When Tri-Arrows Aluminum, formerly ARCO Aluminum, was established in 2011, it turned to Dinsmore for guidance on a variety of strategic business issues. Our attorneys worked to acclimate themselves within the Tri-Arrows culture, enabling them to offer insightful counsel to further the company’s objectives by supporting negotiations with customers and suppliers. We fill a number of roles for Tri-Arrows, including reviewing contract language from the customer side, as well as reviewing supplier agreements from a risk management perspective, keeping a focus on both the short and long-term impacts of each agreement. As our team has become integrated with Tri-Arrows, we’ve become adept at stepping in throughout the contract process, whether it be initial negotiations and drafting, or simply reviewing and vetting the final product. Our attorneys understand the high standards that are synonymous with Tri-Arrows, and we thoroughly examine each contract and agreement to ensure our client is protected.
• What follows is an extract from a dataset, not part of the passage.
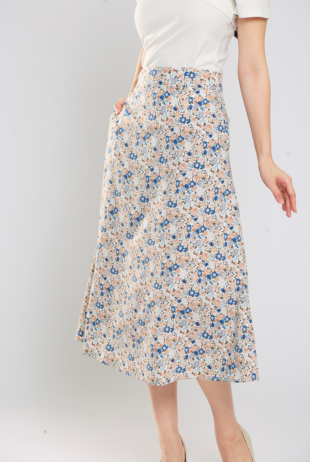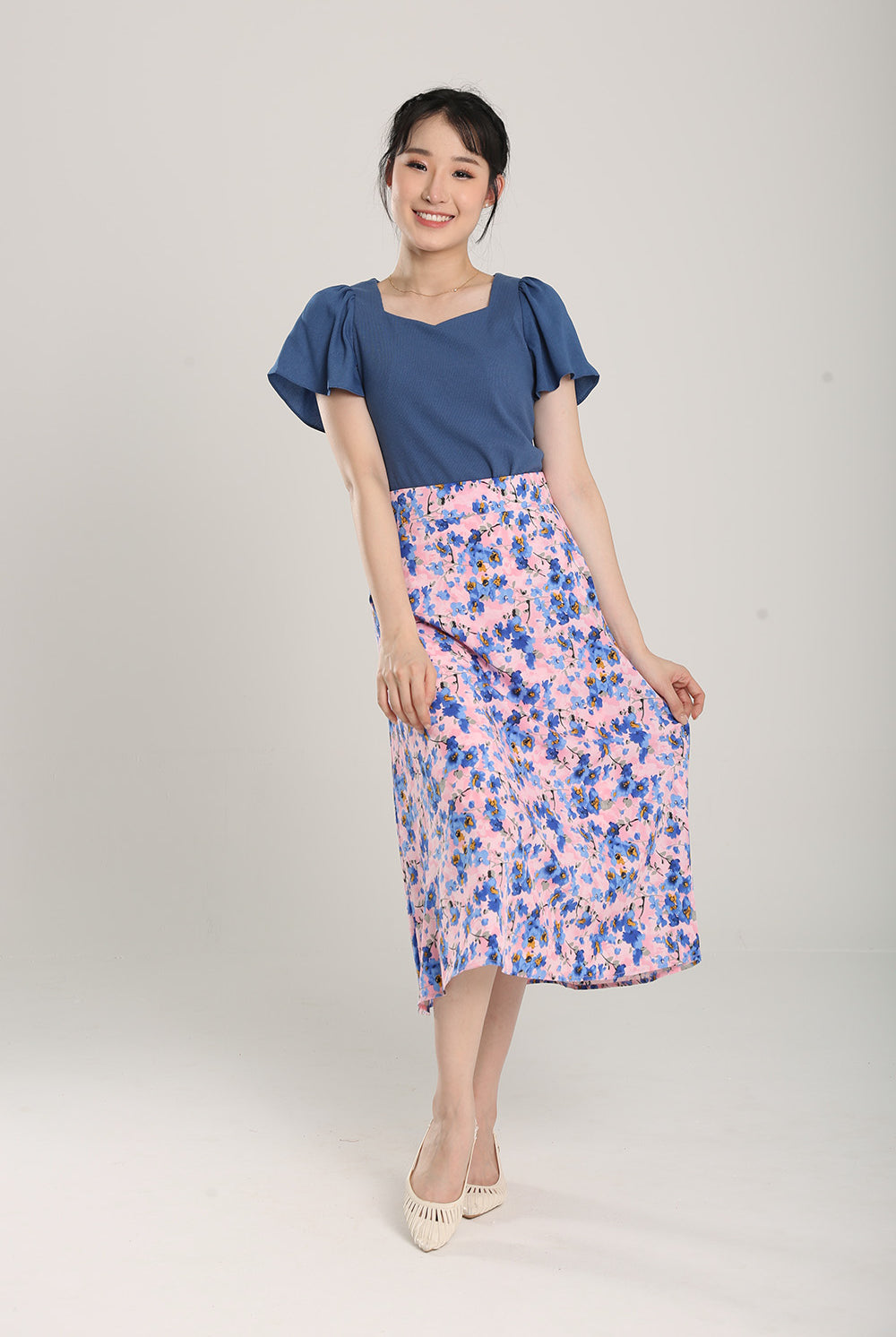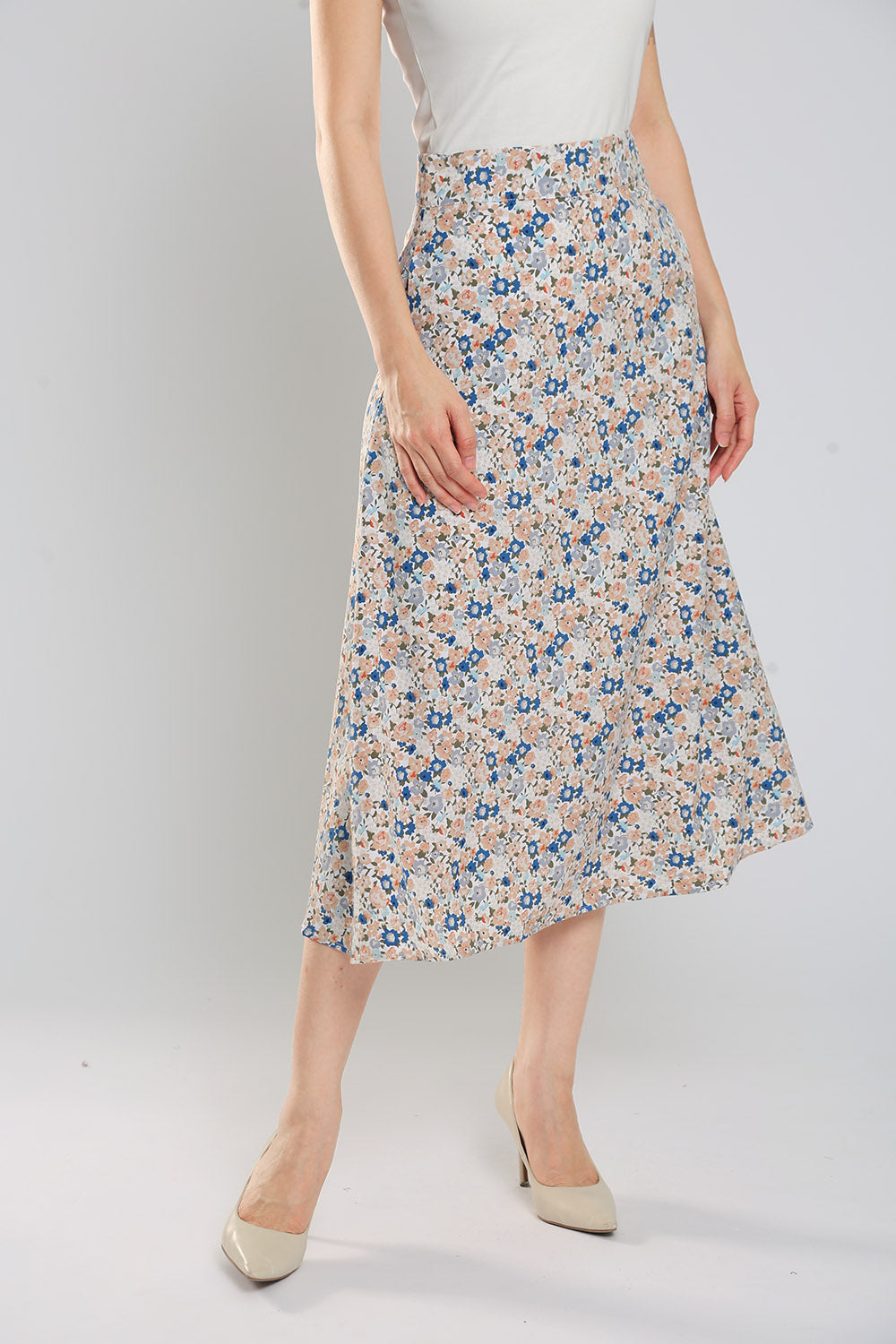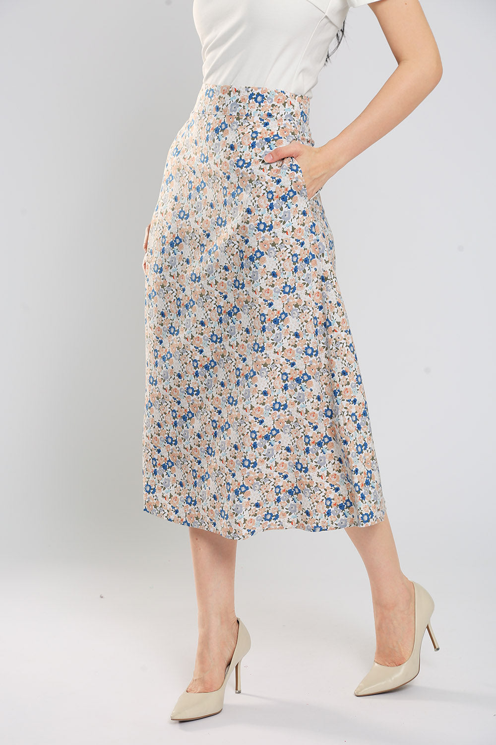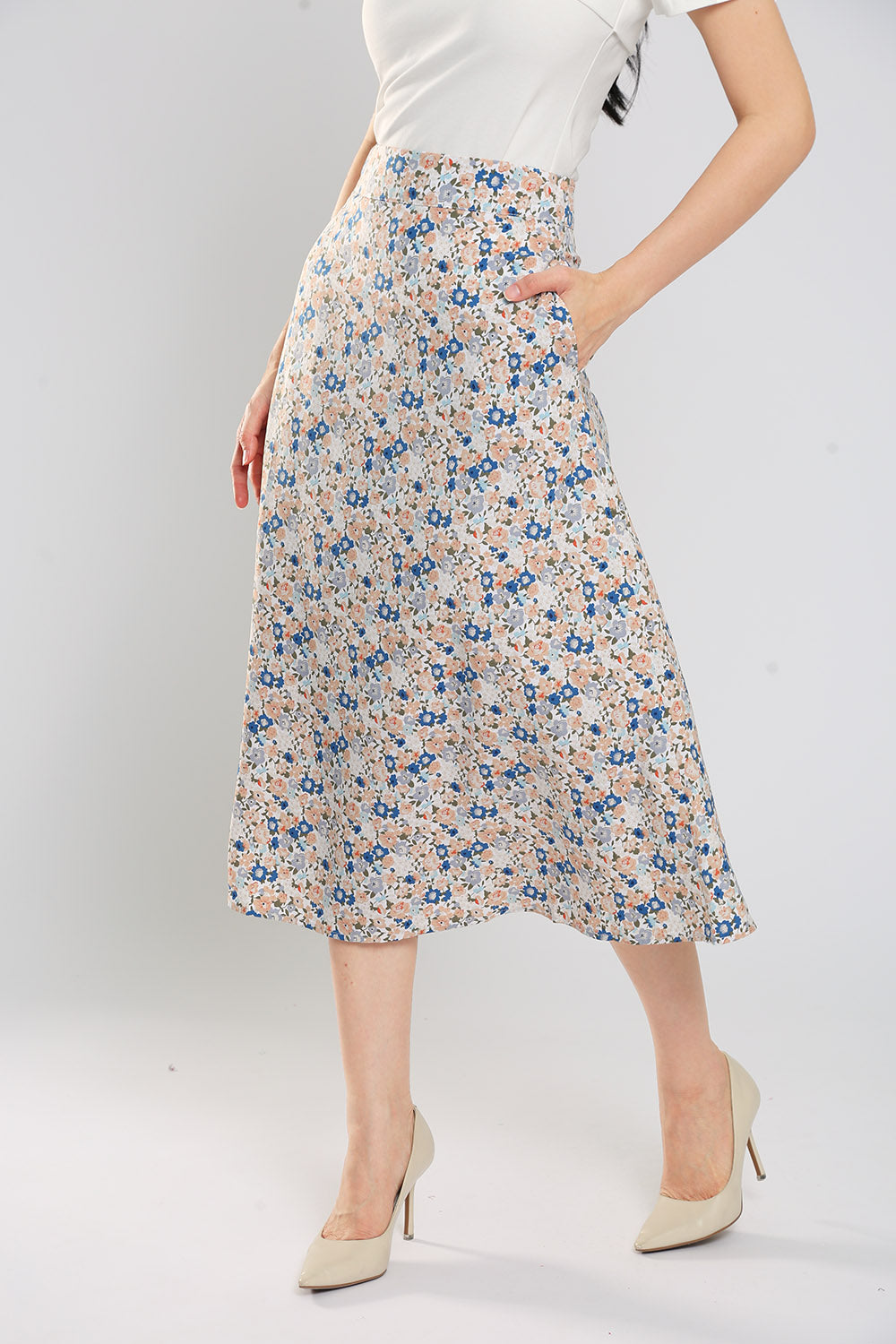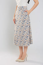 Delania Floral Print Midi Skirt in Apricot Blue Floral

Protecting Tri-Arrows is also the driving force behind our ongoing advice regarding the management of its complex, manufacturing joint venture agreement with a competitor. The unique circumstances surrounding the joint venture, as well as the distinctive ownership structure of Tri-Arrows, pose myriad potential issues, including antitrust concerns. Our attorneys work diligently to ensure that Tri-Arrows is maximizing its potential in the marketplace without exposing it to unnecessary risk. We routinely advise Tri-Arrows on its business relationship within the joint venture, ensuring that the terms of the agreement remain favorable and satisfactory to our client as it continues to grow as a company.

Dinsmore’s attention to detail has also led to the ongoing development and structuring of a new document retention system within Tri-Arrows, enabling it to effectively leverage the Internet to provide global accessibility. Tri-Arrows’ “gold standard” approach to business, coupled with our team’s thorough knowledge of state and federal document retention requirements, has led to exploring robust options that serve the company’s long-term interests.

In guiding Tri-Arrows through its formation and providing ongoing counsel on a variety of matters, Dinsmore has become a valuable resource in its development.

Sundor Group Inc. Acquisition

Assisted our client, Procter & Gamble, in their $325MM cash acquisition of Sundor Group Inc.  Sundor, which was owned by Australia's Elders IXL brewery, makes and sells Sunny Delight Florida Citrus Punch, Texsun grapefruit drinks, Lincoln apple drinks and Speas Farm apple drinks.